Zum 156. Geburtstag von Alois Alzheimer (1864-1915)

“Hier kennt man den Vornamen von Professor Alzheimer”

In Breslau/ Wrocław erinnert ein Kunstprojekt an den großen deutschen Psychiater.

Am 14. Juni 2020 wurde des 156. Geburtstages von Professor Alois Alzheimer (1864-1915) gedacht. Das ist ein guter Anlass, um über seine Breslauer Lebensepisode zu schreiben. Denn nur in Breslau sind an einigen Haustüren oder Wänden Schilder mit der Aufschrift „Hier kennt man den Vornamen von Alzheimer“ zu finden. Und nur hier kann man auf ein ungewöhnliches, tragbares Denkmal stoßen – ein Set von sechzehn Kupferplatten, die in Form einer Visitenkarte gefertigt wurden. Auf der Vorderseite befindet sich eine kurze Notiz über den Arzt, auf der Rückseite eine Inschrift „In memoriam …“ Auf jeder einzelnen Tafel erscheint zwischen den Punkten nur ein Buchstabe, immer ein anderer – insgesamt gibt es vierzehn Stück davon. Zusätzlich gibt es eine Tafel, die nur Punkte enthält und eine, die  vollständig ergänzt wird. Zusammen sind es sechzehn.

Es handelt sich dabei um Werke von Eugeniusz Józef Stankiewicz, genannt „GET“. Der 2011 verstorbene Künstler war das ganze Leben lang mit Breslau verbunden und ist zum künstlerischen Symbol der Stadt geworden. Besonders beliebt sind diejenigen seiner Werke, die zum Nachdenken anregen. An vielen Orten der Stadt sind sie zu sehen, so etwa das bekannte Werk „Do it yourself“ an dem Hänsel-Haus direkt an der Elisabethkirche. Zu sehen sind ein Kreuz, Christus, Hammer und Nägel. Und natürlich die Inschrift mit der Aufforderung „Mach es selbst“ – den Rest kann sich jeder erschließen.

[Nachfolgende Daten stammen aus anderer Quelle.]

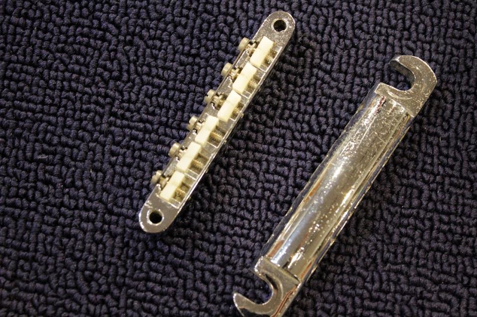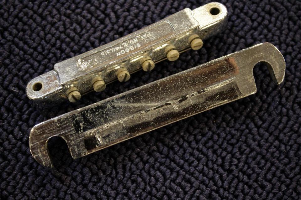 オリジナルのフレットやナットの消耗具合を見るに、サドルだけが経年劣化を殆どしていないのは違和感がある為、恐らく交換されたのではないかと判断致しました。
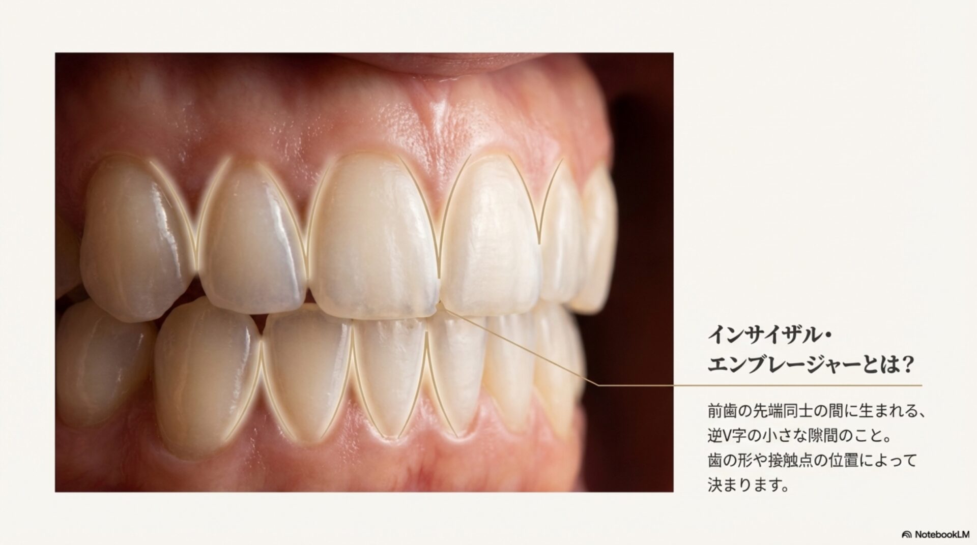 それが「切縁空隙(インサイザル・エンブレージャー)」です。専門用語で難しく聞こえますが、これは「上の前歯の先端と先端の間にある、小さなV字型の隙間」のことを指します。実はこの隙間、歯の解剖学的な特徴から、真ん中の2本の歯の間は小さく、外側に向かうにつれて徐々に大きく、そして非対称になっていくのが自然な姿です。
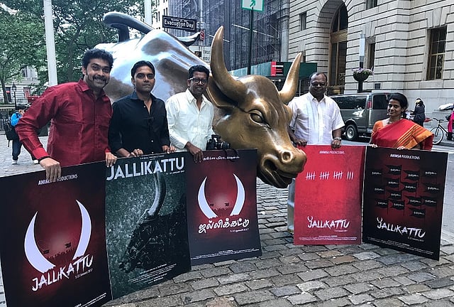 The poster for Jallikattu 5-23 January 2017 was unveiled in New York on 4 June, with Nirupama saying, “It was a conscious decision, due to the similarities of the jallikattu movement and the Occupy Wall Street movement.” Given the people-oriented message of the film, Santhosh hopes that it will resonate with audiences everywhere on release.
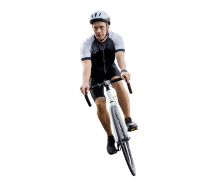 Caucasian male cyclist wearing helmet looking confident transparent background
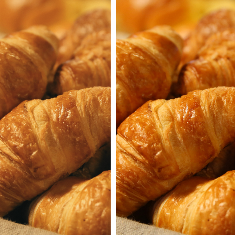 La lumière chaude des LEDs fait ressortir l'aspect doré des produits de boulangerie, comme s'ils sortaient tout juste du four. L'indice élevé de rendu des couleurs montre la couleur réelle de manière naturelle. Le pain, la pâte et les pâtisseries sont des produits qui, même s'ils sortent tout juste du four, peuvent perdre beaucoup de leur attrait s'ils sont soumis à un éclairage inapproprié qui les fait ressembler à des bâtons.
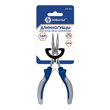 Длинногубцы КОБАЛЬТ изогнутые мини удлиненные, 165 мм, 2-х компонентные рукоятки, HCS, подвес
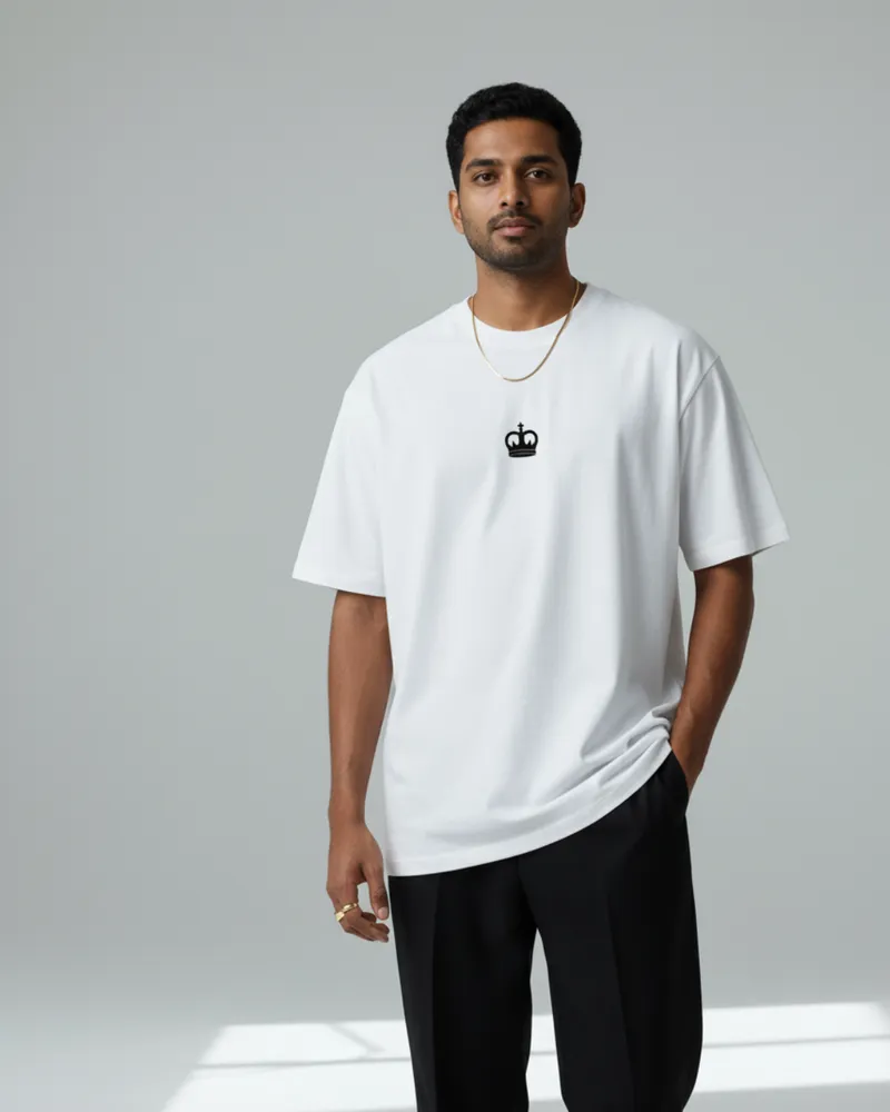 CRWN Oversized T-Shirt for Men – Premium Cotton Streetwear (Black & White)

Ähnliches trifft auf das kleine, sehr gut konzipierte Werk zu Ehren Alzheimers. Der Betrachter versucht quasi automatisch, sich an den Vornamen des Professors zu erinnern, wenn er eine solche Tafel vor Augen hat. Und darum ging es dem Künstler. Das kleine Werk sollte nämlich an einen genialen Arzt, Neurologen und Psychiater erinnern, der die letzten drei Jahre seines Lebens in Breslau verbrachte. Professor Dr. Alois Alzheimer kam 1912 nach Breslau, um die Nachfolge von Karl Bonhoeffer (Dietrich Bonhoeffers Vater) an der damaligen Friedrich-Wilhelm-Universität zu übernehmen. Er wurde zum Direktor der Königlichen Psychiatrischen Klinik zu Breslau ernannt, die er bis zu seinem Tod leitete. Der Professor wohnte in einer Villa in der Nähe der Klinik, damals in der Auenstraße 42 (heute: Bujwida 42), gegenüber dem Eingang zum Laurentius-Friedhof. Von seinem Breslauer Aufenthalt erhoffte er sich sehr viel – vor allem seine beruflichen Träume sollten hier in Erfüllung gehen. Leider erkrankte er bald nach dem Umzug. Möglicherweise litt er unter einer Endokarditis (einer Entzündung der Herzinnenhaut), später kam eine Nierenkrankheit hinzu. Er starb am 19. Dezember 1915 im Alter von 51 Jahren. Weil er als Erster die Symptome der Demenzerkrankung beschrieb, die dem Patienten Schritt für Schritt alle Erinnerungen nahm, nannte er sie „Krankheit des Vergessens“. Die Bezeichnung „Alzheimer-Krankheit“ wurde offiziell erst 1967 auf dem Ärztekongress in Lausanne eingeführt.

Außer einer Gedenktafel, die 1995 in polnischer und deutscher Sprache an die Wand der Villa in der ulica Bujwida 42 angebracht wurde, gibt es in Breslau eine Reihe von tragbaren „Denkmälern“, die 2004 von GET vorbereitet wurden. Die tragen dazu bei, dass der Name und auch der Vorname (!) des Professors im Gedächtnis bleiben, zumindest bei denen, die das ungewöhnliche Geschenk von GET erhielten.